The reply should contain each record below, returned exactly as given.

======== Dataset entries ========

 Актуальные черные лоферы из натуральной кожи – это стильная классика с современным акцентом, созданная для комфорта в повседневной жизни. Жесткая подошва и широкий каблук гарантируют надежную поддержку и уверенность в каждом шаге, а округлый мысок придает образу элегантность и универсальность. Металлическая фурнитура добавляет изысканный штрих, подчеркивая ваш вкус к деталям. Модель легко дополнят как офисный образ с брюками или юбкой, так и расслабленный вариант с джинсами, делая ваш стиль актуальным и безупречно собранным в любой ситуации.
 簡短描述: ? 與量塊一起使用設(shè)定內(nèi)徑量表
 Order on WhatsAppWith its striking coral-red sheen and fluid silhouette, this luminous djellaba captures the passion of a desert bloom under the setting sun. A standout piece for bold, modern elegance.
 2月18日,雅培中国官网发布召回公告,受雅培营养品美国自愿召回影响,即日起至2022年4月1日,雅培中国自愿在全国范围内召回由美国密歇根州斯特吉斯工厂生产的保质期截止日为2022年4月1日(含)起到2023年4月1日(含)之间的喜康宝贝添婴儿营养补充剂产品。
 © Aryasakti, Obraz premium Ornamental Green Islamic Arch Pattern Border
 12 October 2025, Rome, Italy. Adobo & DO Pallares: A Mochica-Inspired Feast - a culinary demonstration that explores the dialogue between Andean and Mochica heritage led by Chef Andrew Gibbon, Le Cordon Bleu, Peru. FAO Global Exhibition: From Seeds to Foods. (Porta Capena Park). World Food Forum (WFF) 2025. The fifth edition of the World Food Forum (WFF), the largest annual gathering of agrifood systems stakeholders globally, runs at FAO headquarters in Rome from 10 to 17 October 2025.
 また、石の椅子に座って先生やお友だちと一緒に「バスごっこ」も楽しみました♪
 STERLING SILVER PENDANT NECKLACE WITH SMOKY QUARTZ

========

● Solution for this problem
 Актуальные черные лоферы из натуральной кожи – это стильная классика с современным акцентом, созданная для комфорта в повседневной жизни. Жесткая подошва и широкий каблук гарантируют надежную поддержку и уверенность в каждом шаге, а округлый мысок придает образу элегантность и универсальность. Металлическая фурнитура добавляет изысканный штрих, подчеркивая ваш вкус к деталям. Модель легко дополнят как офисный образ с брюками или юбкой, так и расслабленный вариант с джинсами, делая ваш стиль актуальным и безупречно собранным в любой ситуации.
 簡短描述: ? 與量塊一起使用設(shè)定內(nèi)徑量表
 Order on WhatsAppWith its striking coral-red sheen and fluid silhouette, this luminous djellaba captures the passion of a desert bloom under the setting sun. A standout piece for bold, modern elegance.
 2月18日,雅培中国官网发布召回公告,受雅培营养品美国自愿召回影响,即日起至2022年4月1日,雅培中国自愿在全国范围内召回由美国密歇根州斯特吉斯工厂生产的保质期截止日为2022年4月1日(含)起到2023年4月1日(含)之间的喜康宝贝添婴儿营养补充剂产品。
 © Aryasakti, Obraz premium Ornamental Green Islamic Arch Pattern Border
 12 October 2025, Rome, Italy. Adobo & DO Pallares: A Mochica-Inspired Feast - a culinary demonstration that explores the dialogue between Andean and Mochica heritage led by Chef Andrew Gibbon, Le Cordon Bleu, Peru. FAO Global Exhibition: From Seeds to Foods. (Porta Capena Park). World Food Forum (WFF) 2025. The fifth edition of the World Food Forum (WFF), the largest annual gathering of agrifood systems stakeholders globally, runs at FAO headquarters in Rome from 10 to 17 October 2025.
 また、石の椅子に座って先生やお友だちと一緒に「バスごっこ」も楽しみました♪
 STERLING SILVER PENDANT NECKLACE WITH SMOKY QUARTZ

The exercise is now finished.